A bike rider approaches a hill with a speed of 8.50 m/s. The total mass of the bike and rider is 85-kg a. Find the kinetic energy of the bike and rider. ッ7o.6 JV The rider coast up the hill. Assuming there is no friction; at what height will the bike come to a stop? KE -h 307026 mg (85)(9.8) 354 J c. Does your answer depend on the mass of the bike and rider? Explain.
Kinematics
A machine is a device that accepts energy in some available form and utilizes it to do a type of work. Energy, work, or power has to be transferred from one mechanical part to another to run a machine. While the transfer of energy between two machine parts, those two parts experience a relative motion with each other. Studying such relative motions is termed kinematics.
Kinetic Energy and Work-Energy Theorem
In physics, work is the product of the net force in direction of the displacement and the magnitude of this displacement or it can also be defined as the energy transfer of an object when it is moved for a distance due to the forces acting on it in the direction of displacement and perpendicular to the displacement which is called the normal force. Energy is the capacity of any object doing work. The SI unit of work is joule and energy is Joule. This principle follows the second law of Newton's law of motion where the net force causes the acceleration of an object. The force of gravity which is downward force and the normal force acting on an object which is perpendicular to the object are equal in magnitude but opposite to the direction, so while determining the net force, these two components cancel out.

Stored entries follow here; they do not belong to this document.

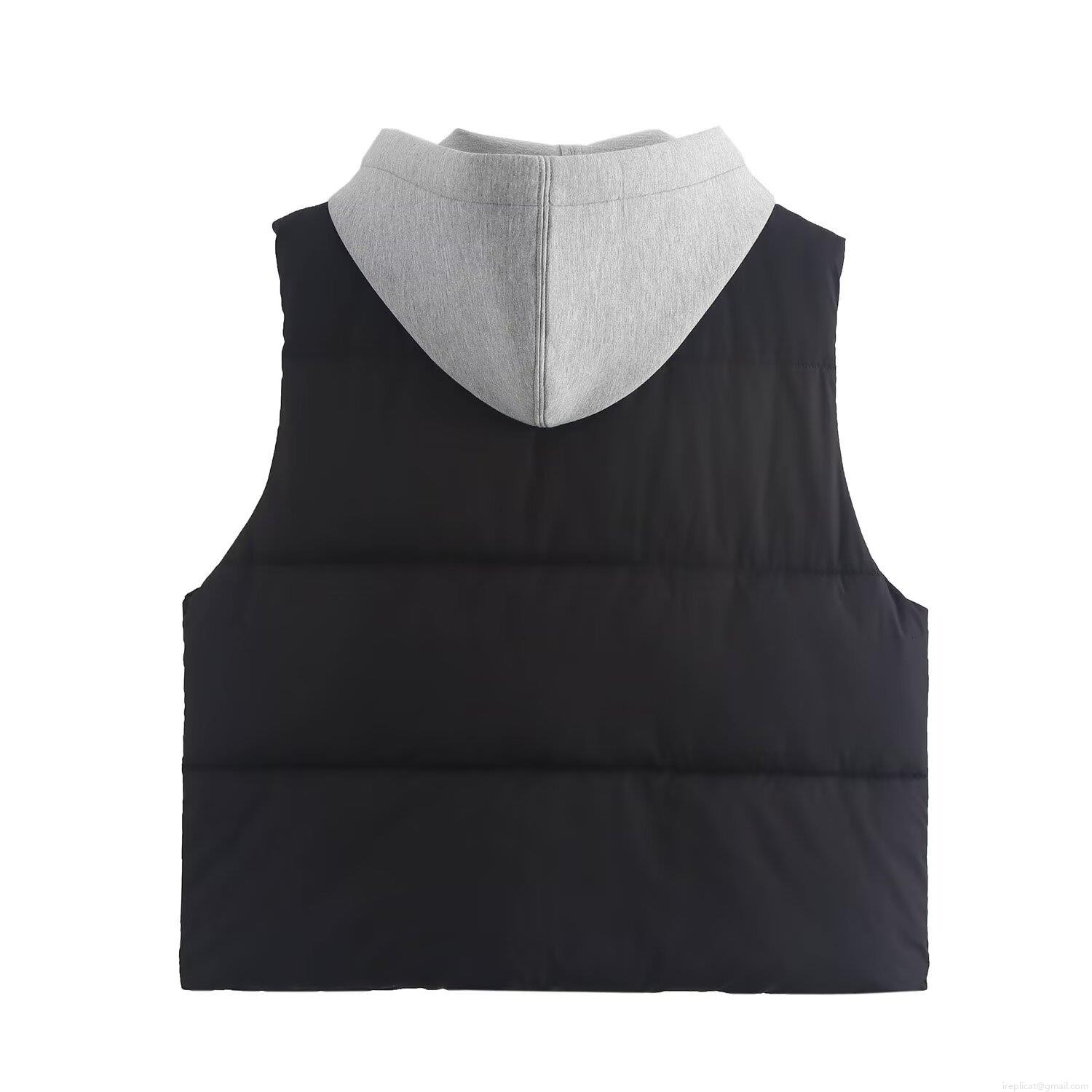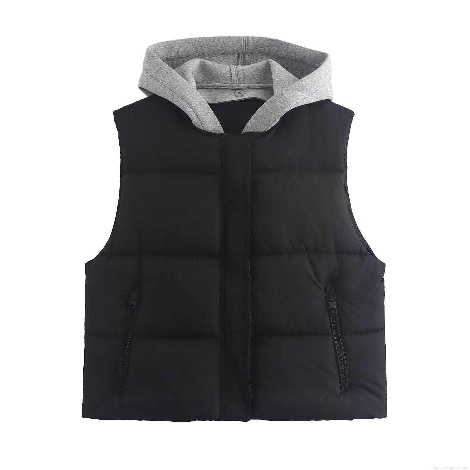 Women's Fashion Hooded Quilted Vest Sleeveless Patchwork Padded Gilet With Zipper Pockets Casual Streetwear Autumn Winter Outerwear Jacket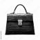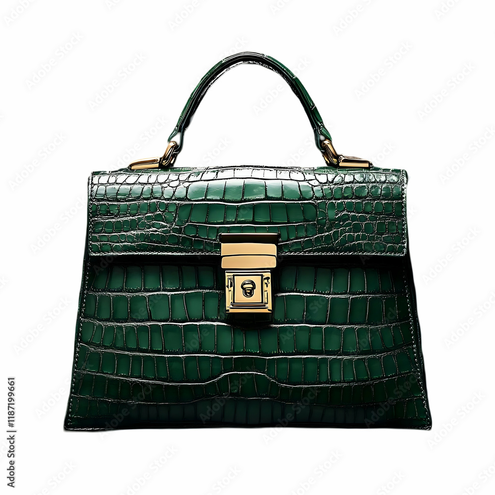 Green crocodile leather handbag with a gold lock, front view on a black background, captured in hyper-realistic detail, perfect for luxury product shots in high resolution. #1187199661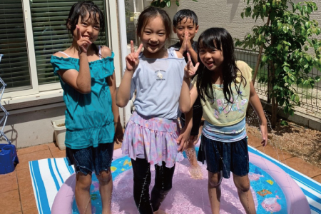 ちょうど単身赴任から帰ってきた方もいて、みなさん久々に再会できて嬉しそう。大人たちはおつまみを食べながらドリンクを片手に交流を楽しみ、子どもたちは水遊び、お菓子ジャンケンなどで盛り上がりました!

The net force is the horizontal component of the force and in our explanation, we consider everything as frictionless surface since friction should also be calculated while called the work-energy component of the object. The two most basics of energy classification are potential energy and kinetic energy. There are various kinds of kinetic energy like chemical, mechanical, thermal, nuclear, electrical, radiant energy, and so on. The work is done when there is a change in energy and it mainly depends on the application of force and movement of the object. Let us say how much work is needed to lift a 5kg ball 5m high. Work is mathematically represented as Force ×Displacement. So it will be 5kg times the gravitational constant on earth and the distance moved by the object. Wnet=Fnet times Displacement.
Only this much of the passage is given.